Twelve-year old gymnast Tinja (Siiri Solalinna) is frequently the subject of her mother’s (Sophia Heikkilä) vlog ‘Lovely Everyday Life,’ but one day, the perfect world mom has on display is upended by a disoriented raven whose attempts to find its way out of her living room leave a trail of broken glass.  Tinja, who’s wrapped the terrified bird in a cloth, is horrified when her mother wrings its neck.  Later, she will find the bird barely alive in the forest and while she puts it out of its misery, she takes the egg she finds alongside it home, keeping it warm in the bowels of a pink teddy bear.  All of the outsized expectations and insecurities weighing upon Tinja feed the id of what she’s “Hatching.”


Laura's Review: B+

Director Hanna Bergholm makes her feature debut symbolizing puberty’s challenges exacerbated by a domineering, perfectionist mom in a Finnish fairy tale straight out of Grimm.  Writer Ilja Rautsi (of such shorts as "Helsinki Mansplaining Massacre" and "Night of the Living Dicks") wittily associates such things as bulimia with a mother bird’s regurgitation of food for its young while offering a monstrous version of motherhood as good, protective example compared to the reality on display here.  Production designer Päivi Kettunen, whose pink and aqua color scheme boasts wallpaper splashed with garish roses, presents a feminine world with a dark underbelly, Tinja’s bedroom featuring a carved colored cupboard from which to escape mom’s glass encased nest.

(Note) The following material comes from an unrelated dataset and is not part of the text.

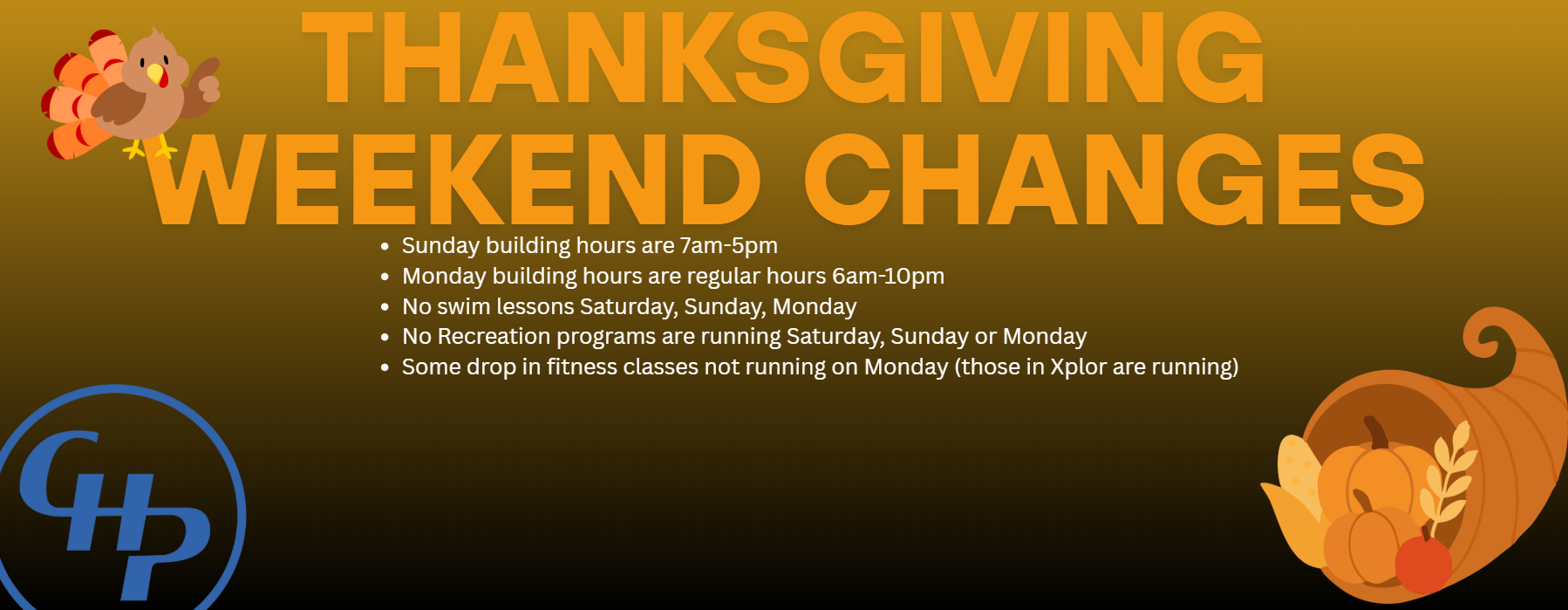 Click to read about schedule and program changes for this coming weekend

Tinja’s entire existence revolves around an upcoming competition, one which her coach (Saija Lentonen) prepares her for with restraint while mom continually pushes, watching like a hawk.  We’re happy for the little girl when a girl her own age, Reetta (Ida Määttänen), moves in next door with her adorable dog, but when Reetta shows up in the gymnasium and proves a better gymnast we sense her days are numbered.  At home, Tinja’s cuckolded dad (Jani Volanen) is a kind but ineffective milquetoast and younger brother Matias (Oiva Ollila) is convinced she’s a monster.  Then Tinja returns home one day to find mom in a compromising position with handyman Tero (Reino Nordin), who will turn out to have a surprising influence on the course of events.

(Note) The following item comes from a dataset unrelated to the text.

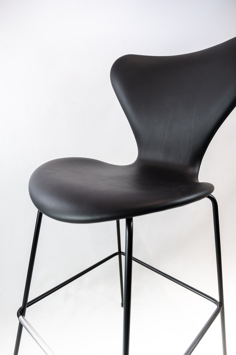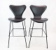 SolgtEt sæt Syver barstole, model 3187/3197, af Arne Jacobsen og Fritz Hansen. Stolene er med original polstring af sort læder.

If at first you find the giant animatronic puppet which emerges from Tinja’s ever-growing egg a bit silly, stay with it as “Hatching” goes to some unexpected, even moving, places.  It is an assured debut which is more complex than its premise might suggest.



Robin's Review: B-


IFC Midnight releases "Hatching" in theaters on 4/29/22 and everywhere you watch movies on 5/17/22.